Île de Ré, France - France
Leave the car behind and explore golden shores, whitewashed villages, atmospheric waterways and oyster shacks by bike, kayak and boat, says Rod Mackenzie
Travel Time 1hrs 10minLeave the car behind and explore golden shores, whitewashed villages, atmospheric waterways and oyster shacks by bike, kayak and boat, says Rod Mackenzie
Travel Time 1hrs 10min

Île de Ré is a chic yet unspoiled Atlantic retreat, where whitewashed villages, windswept beaches and salt marshes set the scene for a more leisurely pace of life. A favourite of Parisians seeking understated luxury, it blends seafood bistros, artisan markets and cycling trails that wind past vineyards and oyster farms. Think of it as the French counterpart to Burnham Market in Norfolk – a refined yet relaxed coastal escape, where visitors swap city life for fresh sea air, excellent food and boutique shopping, all wrapped in laid-back charm.
Connected to the mainland by a 3km bridge, the island’s flat terrain is perfect for exploring by foot or bike. Ten picturesque villages are linked by 100km of scenic routes, passing oyster farms, old ports and charming cottages. The northern salt marshes, once key to the island’s economy, now sustain migrating birds in spring and autumn – a haven for avocets, egrets and terns. Stalls along the paths sell the island’s prized fleur de sel, harvested much as it was centuries ago. Boating and paddleboarding are also popular activities on Île de Ré. For a unique experience, try kayaking through the maze of little creeks around Loix – find guided options at ilederecanoe.com – with sandy stretches like Plage de la Conche among the best beaches on the Atlantic coast.
For those still itching to explore, the Phare des Baleines lighthouse on the island’s north-western tip rewards climbers (257 steps lead to the top) with panoramic ocean views, while the ruins of the Abbaye des Châteliers – once one of the largest abbeys in western France – offer a glimpse into the island’s medieval past.
Base yourself in Saint-Martin-de-Ré, the island’s vibrant heart, with its lively harbour lined with cafés and seafood restaurants.
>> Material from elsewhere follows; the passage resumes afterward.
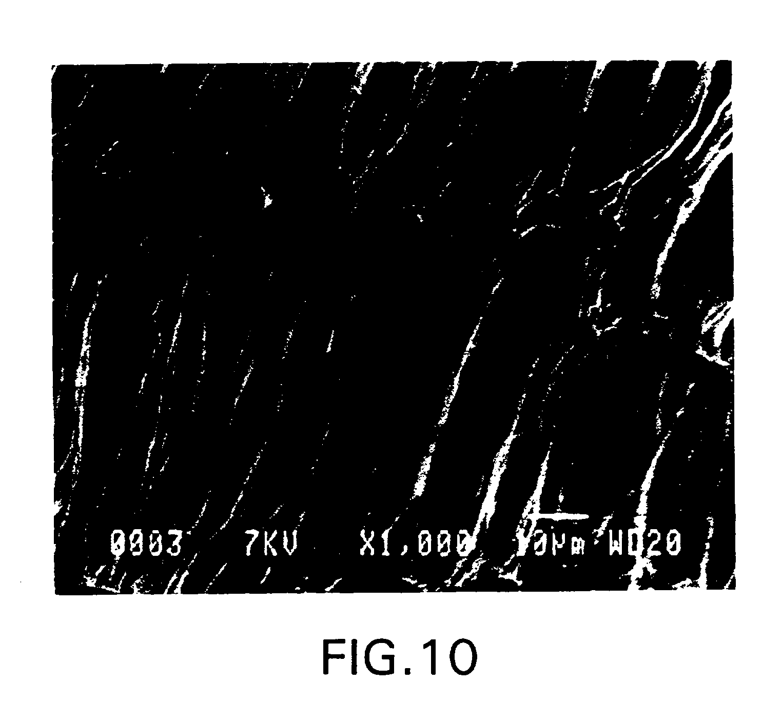 [0022]FIG. 10 is a scanning electronmicrograph of an expanded PTFE material that forms the matrix that contains the adhesive filler to form one dielectric material in the present invention;

For quieter moments, head to the villages of Ars-en-Ré and Les Portes-en-Ré for windswept tranquillity. Located just 20 minutes’ drive from La Rochelle airport, the island teems with Parisians in high summer, but visit in May, June or September for quieter lanes and golden light. While cars aren’t banned, they’re best left behind – here, la bicyclette is the way to go.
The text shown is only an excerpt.